Читаем Железная кость полностью

— Эх как тебя скрутило-то в неволе — сразу на четвереньки и зубами в решетку. — Ни на дление, ничуть не сломавшись в лице, не отпрянув от белой горячки, вор смотрел в него без изумления и жалости, так, словно началось что-то давно и хорошо известное ему, что только и могло в Угланове свариться, в засаженном сюда устроенном, как он, Угланов, человеке. — Смотрел вчера по ящику про дикую природу?

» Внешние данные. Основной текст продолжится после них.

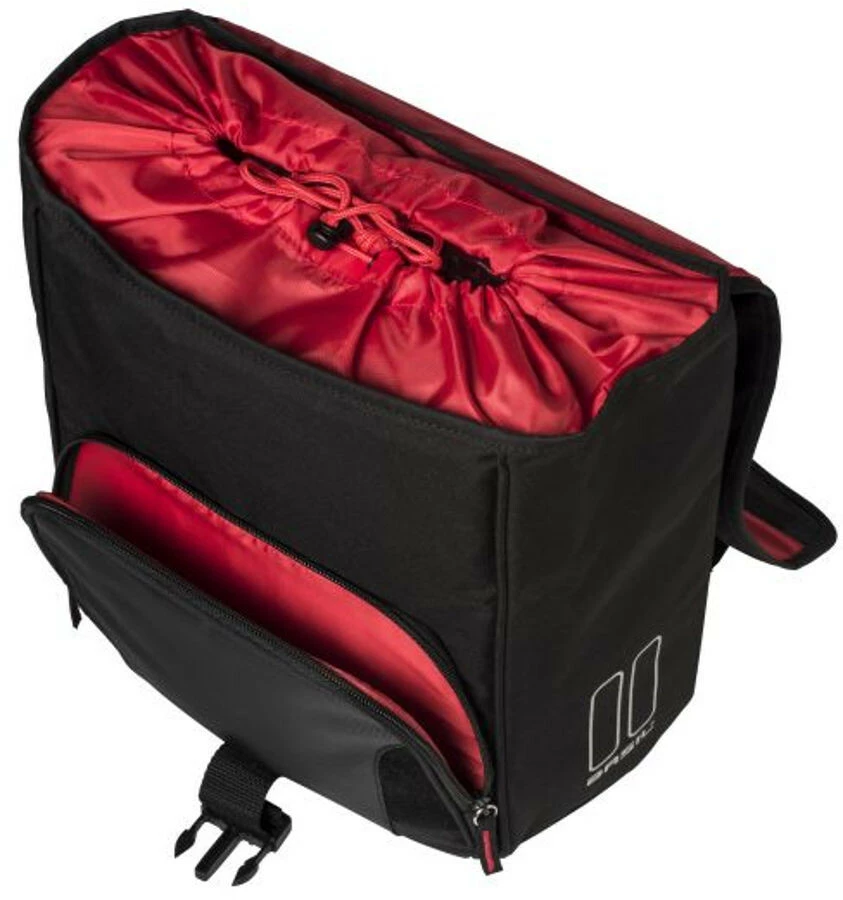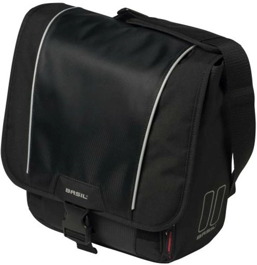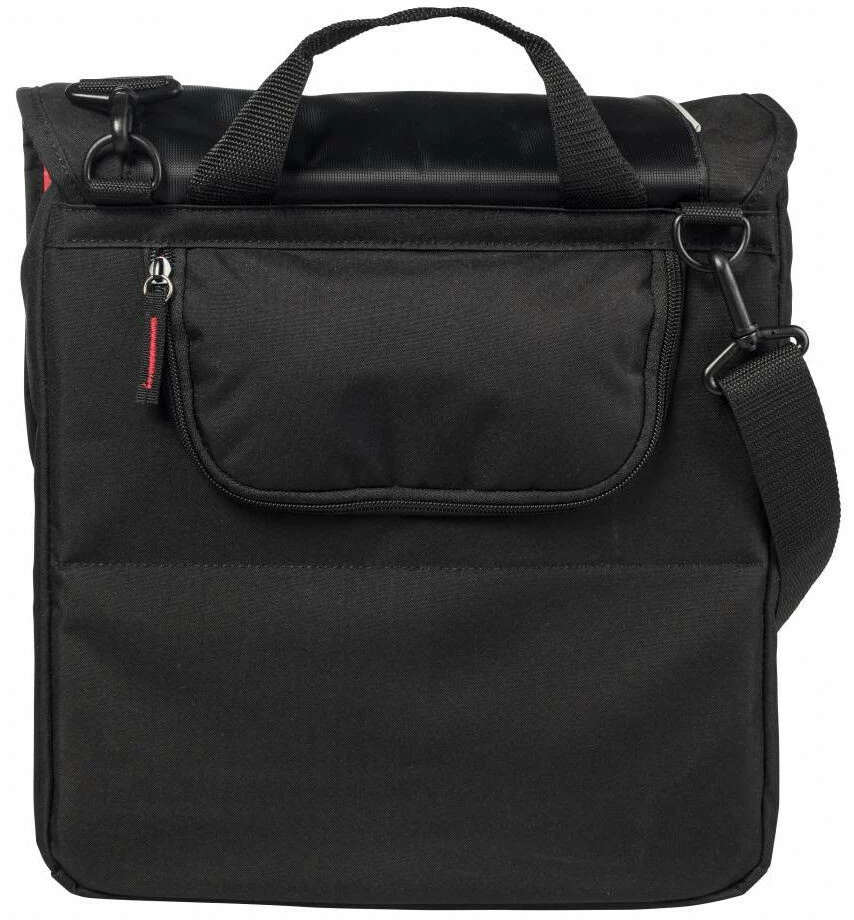 Basil Sport Design Commuter Bag er en praktisk sort taske til bagagebæreren på en cykel. Takket være skulderremmen kan tasken også let bæres over skulderen og kan derfor tages med overalt. Nyder du at cykle til kontoret, skolen eller togstationen hver dag og kunne bruge en cykeltaske? Dann ist die Basil Sport Design Commuter Bag sicher etwas für Sie. Denne stilfulde taske er fremstillet af polyester i vandafvisende polyester. Es ist darüber hinaus noch eine wasserdichte Regenhülle vorhanden, die dafür sorgt, dass Ihre Tasche und auch der Inhalt Ihrer Tasche stets trocken bleiben. Die Fahrradtasche verfügt über ein Hauptfach mit einem Kordelzug und darüber hinaus noch über einige zusätzliche Fächer. Der Gesamtinhalt beträgt 18 liter. I det vandfyldte fag kan du f.eks. prima din tablet eller bærbare computer blive brugt. Neben einem Schultergurt ist die Tasche auch noch mit einem praktischen Handgriff udstyret. Derfor kan De bære dem, som De ønsker. Diese Commuter Bag lässt sich leicht mit Hilfe von Haken am Gepäckträger Ihres Fahrrads befestigen. Dies betyder, dass Sie sie auch leicht wieder davon abnehmen können.
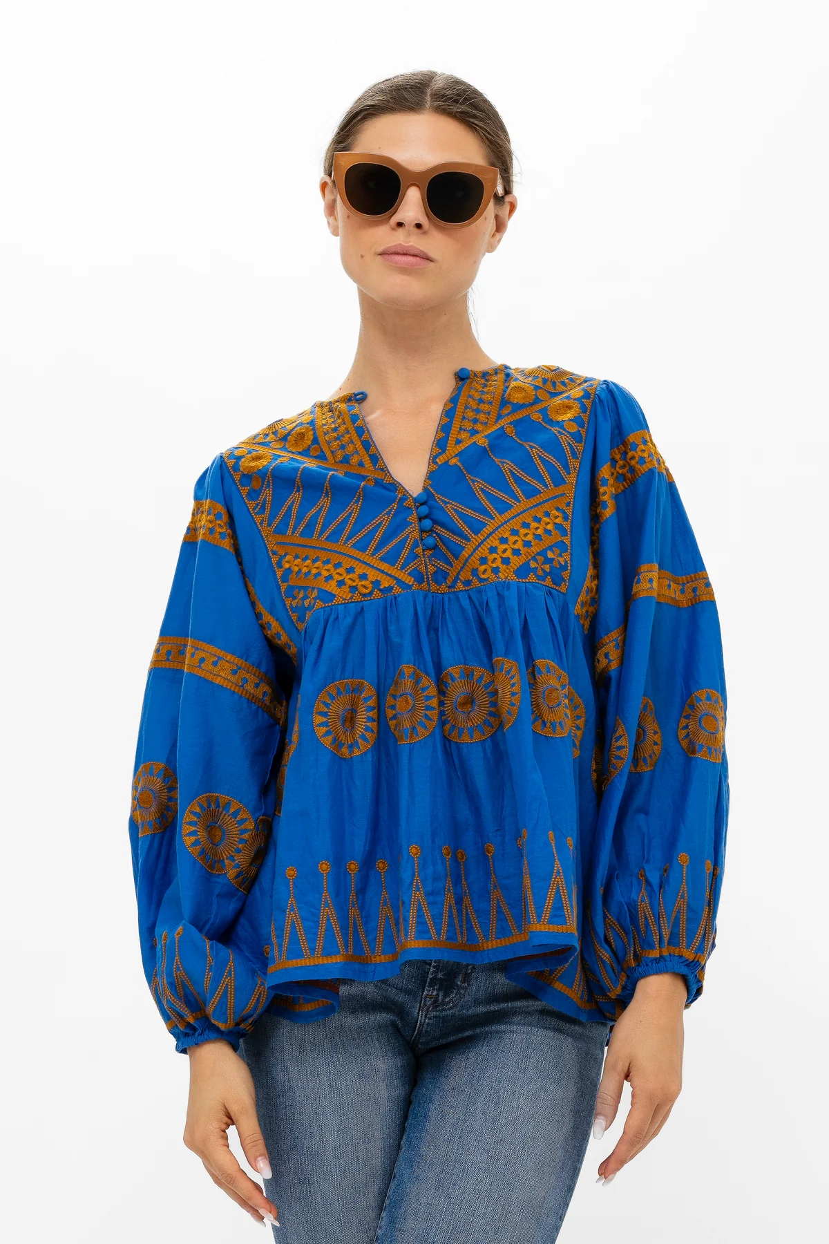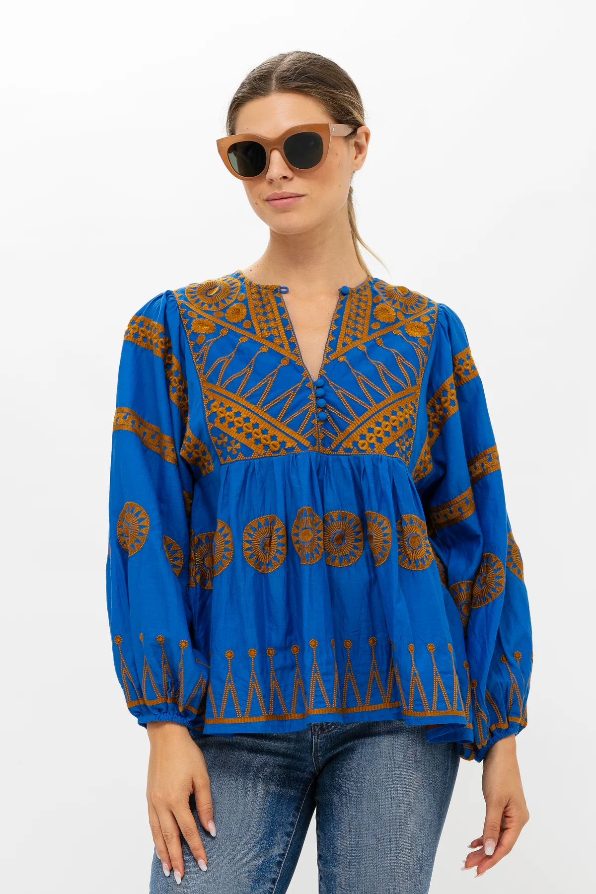 Oliphant's classic Mandarin Balloon Top gets an update with beautiful hand-embroidery
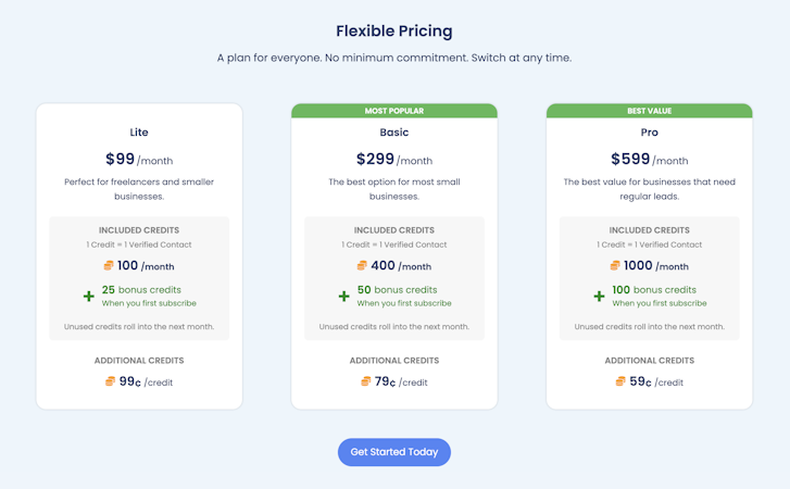 With a partnership with Zerobounce, Coldlytics guarantees the quality of their leads and offers credit for any bounce or imperfect lead encountered.
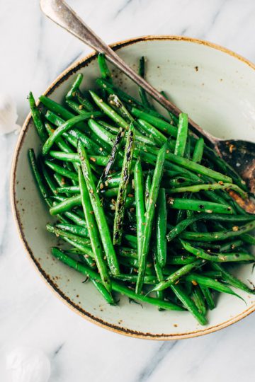 For the easiest (and kid-friendliest) side dish, you’ve got to try these green beans from Nyssa’s Kitchen. Her method leaves the beans perfectly tender with a little char on the outside. Drooling yet?

Что вся теория Дарвина — фуфло и крокодил не превращается в процессе эволюции и никогда не превратится в птицу, гад ползучий. — Смотрел на параллельную ветвь рода человеческого: здесь все твое, с чем ты родился, не работает — нужна тотальная замена мозга и рефлексов и выжечь прежние инстинкты невозможно. — Ты понимаешь мою мысль?

— Более чем, о том и разговор. Что не могу я сам, то для меня исполнишь ты. — И рассмеялся этому редчайшему в живой природе случаю перекрестного и равносильного в обоих существах презрения: здесь и сейчас они друг друга презирали и не могли: вор — расцепить на своем горле впившиеся зубы, а Угланов — сомкнуть на этой глотке жвалы окончательно. — И не надо бла-бла. Только «да», под венец. Не ответишь взаимностью — я сейчас шаг из строя и вложу тебя, вора. И не надо мне, что после этого в зоне долго не проживу. Ведь тебе оно будет совсем уж без разницы, когда ты по железной дороге отсюда обратно поедешь и по счетчику будешь с накрутом платить. Срок на сколько умножат твой, на два? Так что сделай мне, вор, что прошу. — Бил, хлестал поводком песью морду с воскресшей умелостью: все срываются с места, когда он скажет «фас!». — И вообще, если так-то. Ты-то здесь себя стер, в мужиках растворился, ну а там, в Белозерске, — долго громоотвод твой продержится? Ведь в любую минуту посыпаться может, как бы он хорошо все повадки твои с биографией ни заучил. Да и Хлябин наш здешний — очень, очень нюхастый. Он тебя еще не ковырял?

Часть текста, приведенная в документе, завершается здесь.